То был не человеческий голос, а преследующий его, знакомый шорох бумаги! Он испуганно повел глазами и узрел на скамейке смятую тетрадь и вторую, точно такую же, — на земле.
«Vade retro, Satanas!»[5] — вот первое, что пришло ему на ум, но не имея обыкновения поддаваться порывам чувств — кстати, от этого предостерегают нас не то Талейран, не то Меттерних — итак, первой и весьма благоразумной мыслью было тетрадь не трогать и, дабы не слышать искусительный шелест, как Одиссей, заткнуть уши и бежать отсюда…
Но тут глаза… глаза, сгубившие столько людей, остановились на листках бумаги (верней, рукописи), валявшихся на мокром гравии дорожки, — смятые, с загнутыми краями, они говорили о полном к ним небрежении. Сострадание и вместе любопытство овладели сердцем… И рука невольно потянулась к таинственному манускрипту, брошенному на произвол судьбы и… весеннего ненастья. С первого же взгляда можно было узнать женский почерк: мужчинам так писать не дано; исполненный изящества, он выказывал пылкость и одновременно некую робость, словом, те приметы, которые пленяют мужские сердца и взоры.

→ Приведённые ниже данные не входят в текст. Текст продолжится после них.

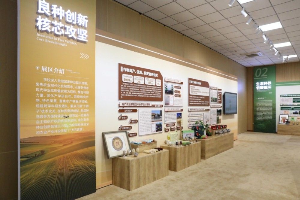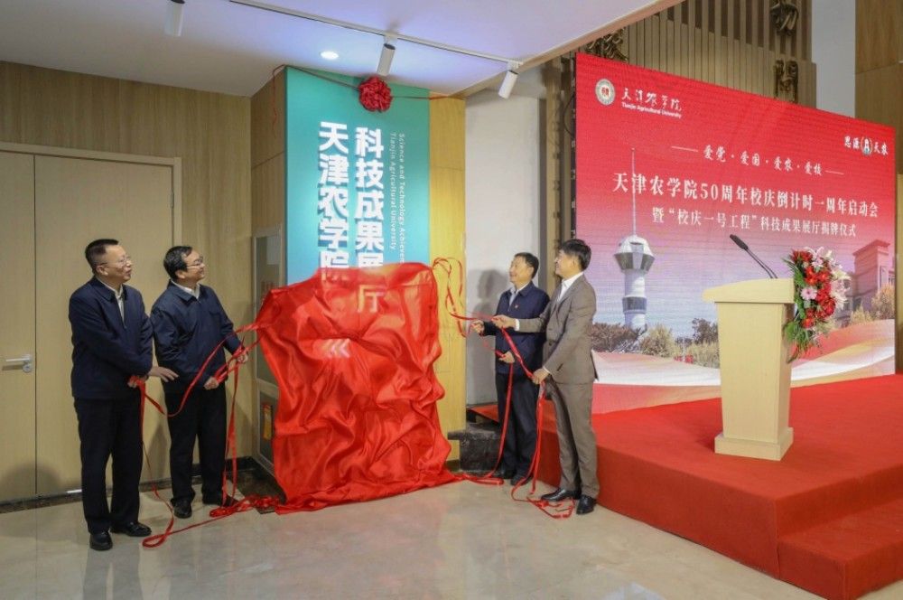 在我校50周年校庆倒计时一周年之际,学校举行了校庆倒计时一周年启动会暨科技成果展厅揭牌仪式。科技成果展厅是对我校建校50年来优秀科研成果的一次全面梳理和推介,是面向社会集中展示天农的重要窗口和平台。展厅内陈列的每一章文字、每一组数据、每一件实物、每一幅图片、每一段影像,都生动诠释了天农人“把论文写在大地上”的实践理念。展厅的启用不仅标志着学校在科研创新道路上迈出了坚实的一步,更象征着为服务建设农业强国国家战略、推动我市打造现代都市农业升级版目标又贡献了一份天农力量。
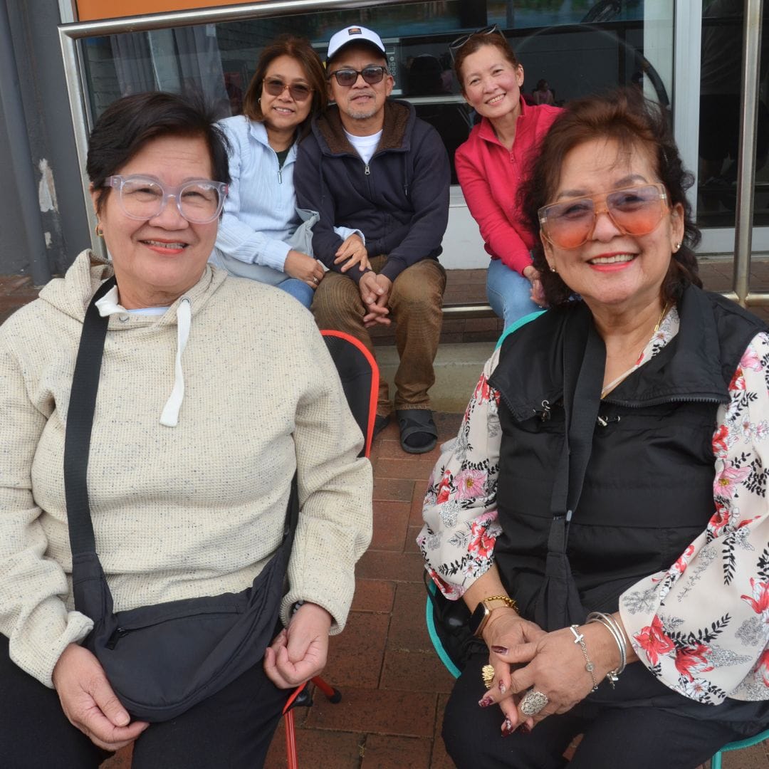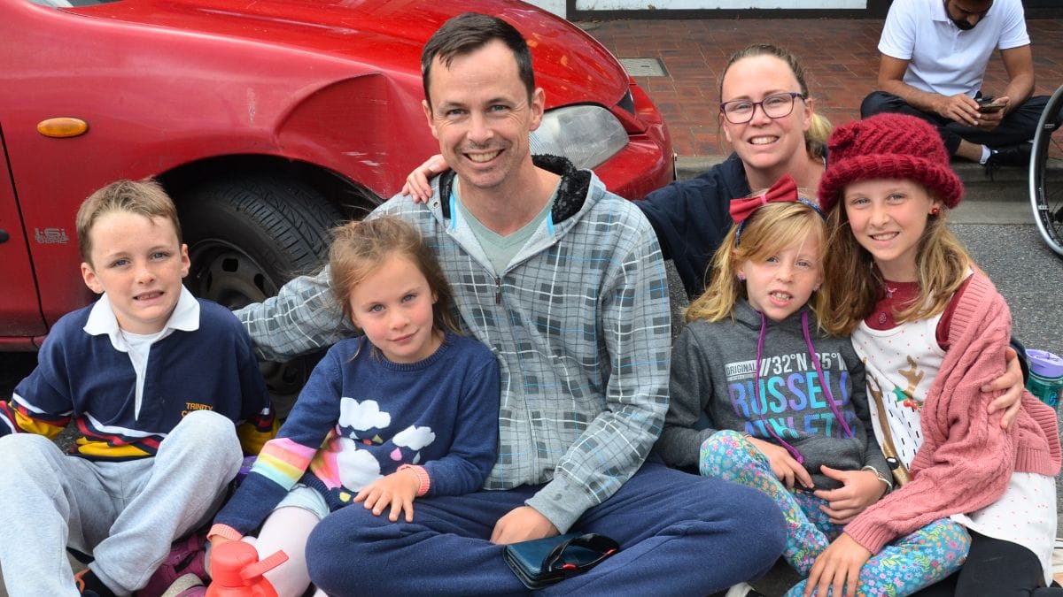 Waiting for the parade are Jack Elliott; Hayden, Kenzie and Nateesha Edwards; Lachie, Lucy, Peter, Chloe, Rebecca and Sophie Hay; Charlotte, Kristy and Charlie Skinner; Marni and Harper Campbell; Emily and Roldan Bandelaria, Zaida and Amelita Dimaano and Zosima Bandelaria; Olivia and Rachael Schulz with Jessica, Joe, James and Matila Di Santo; Levi and Nick Robson with Ryan and Ollie Hansen; and Chelsea and David Pretorius with Ensio. Photos: Peri Strathearn.
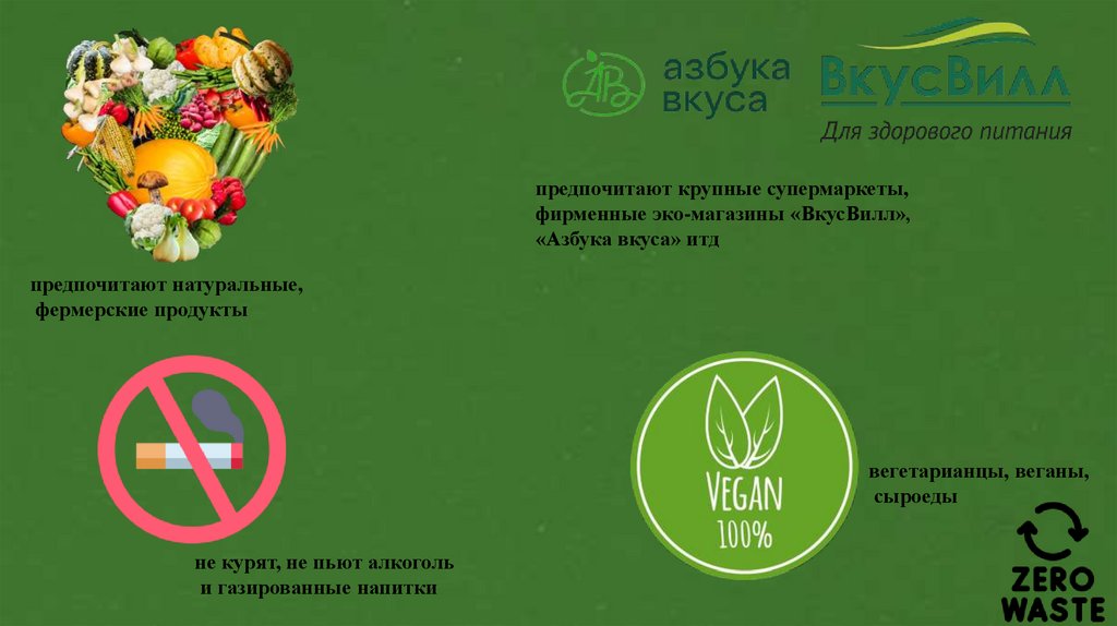 предпочитают крупные супермаркеты,фирменные эко-магазины «ВкусВилл»,
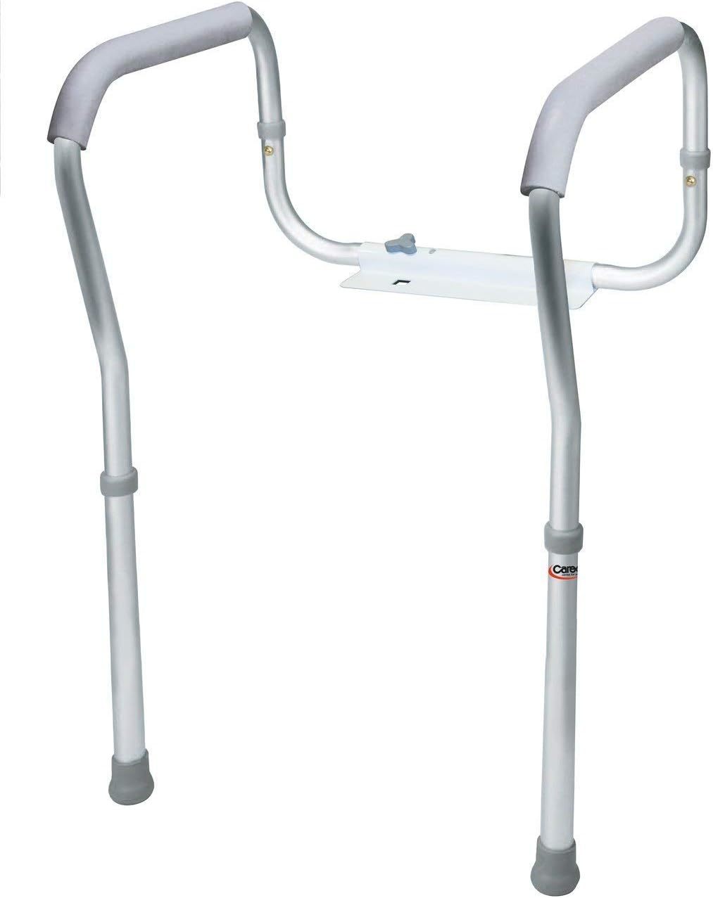 Handicap grab bars that allow you to sit safely or stand at the toilet. Perfect for those who are a fall risk and need handles at the bathroom or those who have a handicap toilet. Non-slip rubber tips keep the bathroom grab bars firmly in place and provide for bathroom safety for those afraid of falling or have trouble standing. The toilet stand is easy to install and setup. The toilet rail would pair up nice with a handicap toilet seat for added bathroom safety. Handle width is adjustable from 18 - 20" and would be perfect toilet handles for elderly or seniors who may need adjustable heights. includes padded handles and an aluminum frame. Would also work with a commode toilet chair. Trust in Carex, a leader in bathroom safety bars and toilet bars for elderly, handicap, senior, and the disable.
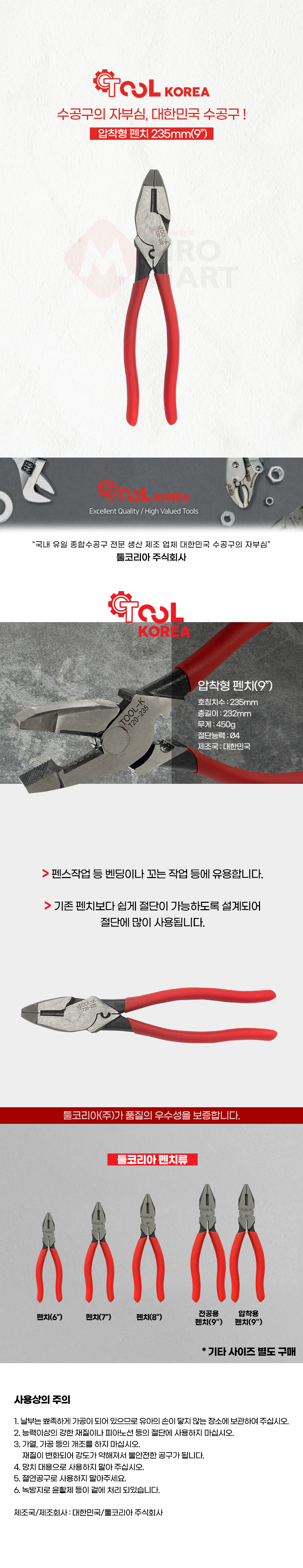툴코리아 압착형 펜치 235mm 9인치
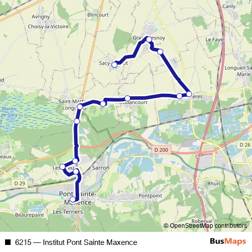The first stop of the 6215 bus route is Pont Sainte Maxence - Bibliothèque and the last stop is Sacy LE Petit - Place. 6215 (Institut Pont Sainte Maxence) is operational during on weekdays.

Оба манускрипта были писаны, наверно, в разное время и в разных условиях — то размашисто, то убористо, то водянистыми чернилами, то густыми и почерком таким неровным, точно несколько рук, а не одна водили пером по бумаге — столь несовместимые черты характера он выдавал. Видимо, это был дневник, и самое поразительное и непостижимое состояло в том, что принадлежал он нашей соотечественнице, само собой разумеется, написанный вперемежку по-польски и по-французски, ибо французский язык настолько вошел в наш обиход, что без него не может обойтись ни один уважающий себя человек.
При таком стечении обстоятельств, когда, словно в pendant[6], к «Воспоминаниям паныча», издателю сам подвернулся дневник барышни, он воспринял это как предначертанье судьбы, веленье свыше, указание на то, чтобы им воспользоваться.
Sic fata tulere[7].
Забыв и про ванну, и про предписанный после лечебной воды моцион, счастливый (а может, несчастливый?) обладатель дневника зачитался до того, что к действительности его вернули лишь звуки гонга, несшиеся изо всех гостиниц и сзывавшие своих постояльцев на завтрак, способный удовлетворить аппетит самого Гаргантюа.